Map items to parallel workers

from pipd import Pipe

pipe = Pipe(1, 2, 3).map(lambda x: x * 2, num_workers=2) # parallel map (note: order is not guaranteed)
list(pipe) == [2, 4, 6]

filter

from pipd import Pipe

pipe = Pipe(1, 2, 3).filter(lambda x: x != 1)
list(pipe) == [2, 3]

side

Applies a function on each item in the pipeline without changing the item, useful for logging, saving state, etc.

from pipd import Pipe

pipe = Pipe(1, 2, 3).side(lambda x: print('side', x))
it = iter(pipe)
print(next(it))
print(next(it))
Show output
side 1
1
side 2
2

batch

from pipd import Pipe

pipe = Pipe(1, 2, 3, 4, 5).batch(2)
list(pipe) == [[1, 2], [3, 4], [5]]

unbatch

from pipd import Pipe

pipe = Pipe([1, 2], [3], [4, 5]).unbatch()
list(pipe) == [1, 2, 3, 4, 5]

log

from pipd import Pipe

pipe = Pipe(range(10)).log()
list(pipe) # runs the pipeline
Show output
0
1
2
3
4
5
6
7
8
9

limit

from pipd import Pipe

pipe = Pipe(range(10)).limit(5).log()
list(pipe) == [0, 1, 2, 3, 4]

repeat

from pipd import Pipe

pipe = Pipe(1, 2, 3).repeat(2)
list(pipe) == [1, 2, 3, 1, 2, 3]

sleep

Useful for debugging a pipeline that runs too fast.

from pipd import Pipe

pipe = Pipe(range(5)).sleep(0.1).log()
list(pipe) # runs the pipeline
Show output
0 # sleep for 0.1 seconds
1 # sleep for 0.1 seconds
2 # sleep for 0.1 seconds
3 # sleep for 0.1 seconds
4 # sleep for 0.1 seconds

tqdm

Shows a progress bar for the pipeline, useful to check how many s/it a pipeline is running at.
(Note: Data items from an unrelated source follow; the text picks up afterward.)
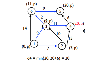 // d[v] : 시작 정점으로부터 노드v까지의 최단거리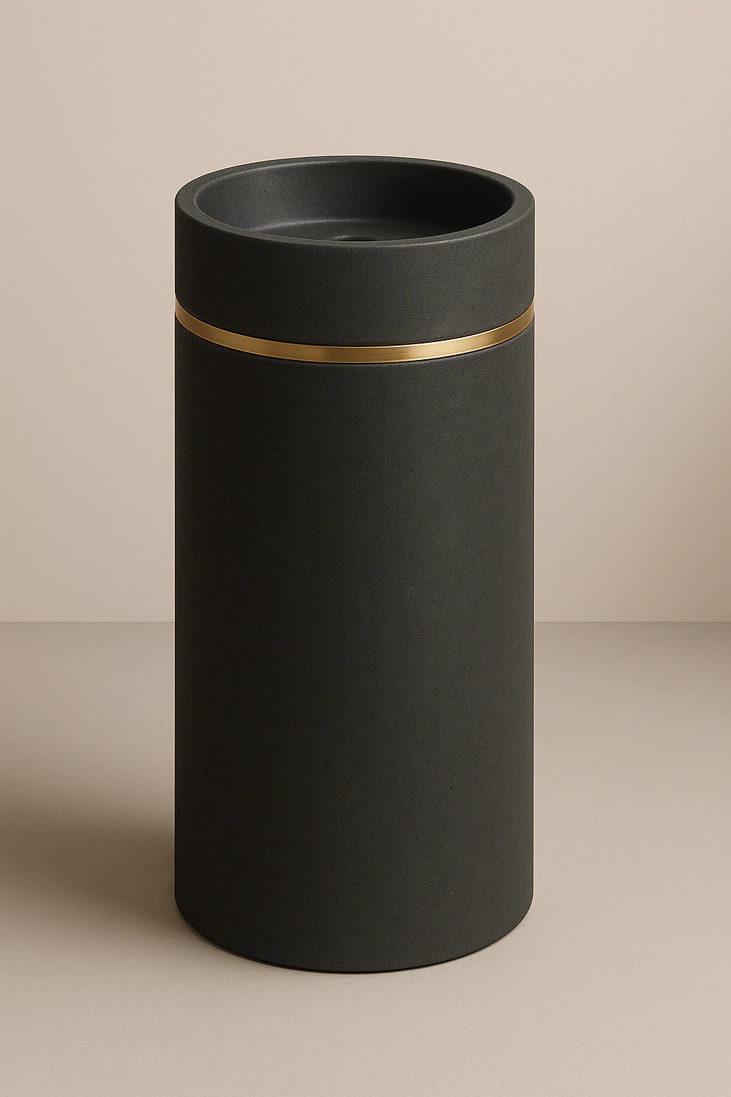 A Cuba de piso em concreto artesanal ZH1001 traz design contemporâneo e funcionalidade para banheiros e lavabos.
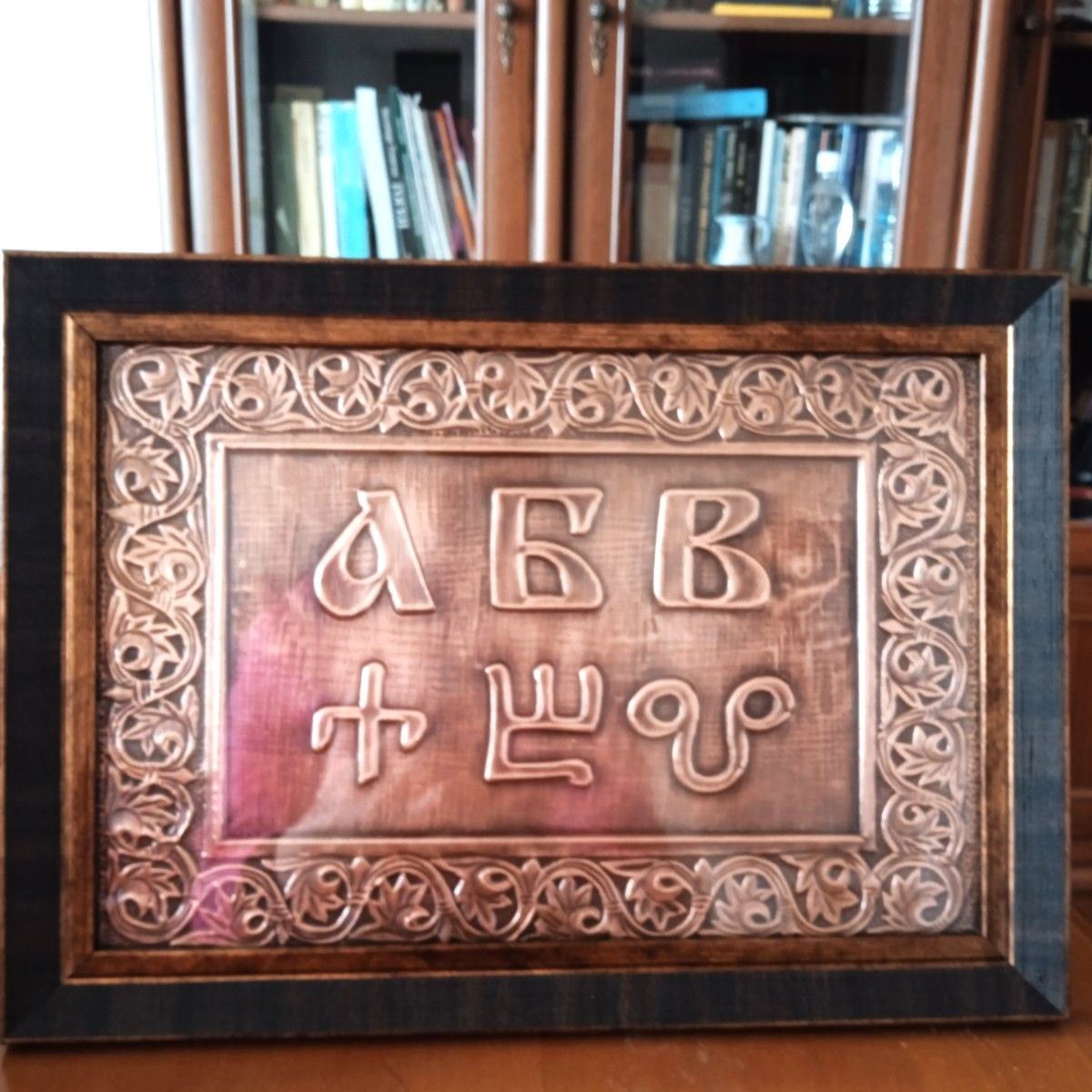 Картина от ръчно кована мед с букви та Кирилица и Глаголица и фриз, копие от Башчанската плоча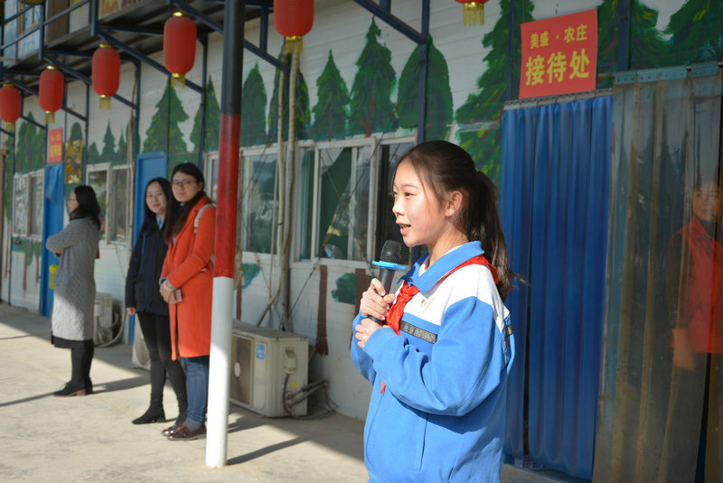 “雁塔脚下,曲江池畔,坐落着我们美丽的校园……”在泾阳绿优农业基地飘扬着的全体同学齐唱的校歌声正式拉开了此次研学活动的序幕,年级组长王芳老师致开幕词,政教处鲍青青副主任发表动员讲话,她希望通过这次研学,同学们可以感受现代农业及大自然的魅力,学习到基本的动物、蔬菜科普知识,真正做到一路行走、一路学习、一路成长、一路收获;学生代表初一九班黄子雯同学也进行了热情洋溢的主题发言。

Requires tqdm to be installed.

from pipd import Pipe

pipe = Pipe(range(5)).sleep(1).tqdm()
print(list(pipe))
Show output
0it [00:00, ?it/s]
1it [00:01,  1.01s/it]
2it [00:02,  1.01s/it]
3it [00:03,  1.01s/it]
4it [00:04,  1.00s/it]
5it [00:05,  1.01s/it]

[0, 1, 2, 3, 4]

mix

Mixes iterators or pipes together, either interleaved or random.

from pipd import Pipe, Mix

pipe = Pipe.mix([1, 2, 3], ['a', 'b', 'c'])
# or
pipe = Mix([1, 2, 3], ['a', 'b', 'c'])
list(pipe) == [1, 'a', 2, 'b', 3, 'c']
from pipd import Pipe

pipe = Pipe.mix(
    Pipe(1, 2, 3),
    Pipe('a', 'b', 'c'),
    random=True # randomize from which iterator/pipe to take the next item
)
list(pipe) == [1, 2, 'a', 'b', 3, 'c']

map_key

from pipd import Pipe

pipe = Pipe([{'a': 1, 'b': 2}, {'a': 2, 'b': 4}]).map_key('a', lambda x: x + 1)
list(pipe) == [{'a': 2, 'b': 2}, {'a': 3, 'b': 4}]

shuffle

from pipd import Pipe

pipe = Pipe(range(10)).shuffle(size=5) # Shuffle buffer has size 5
list(pipe) == [3, 5, 6, 0, 2, 4, 1, 7, 8, 9]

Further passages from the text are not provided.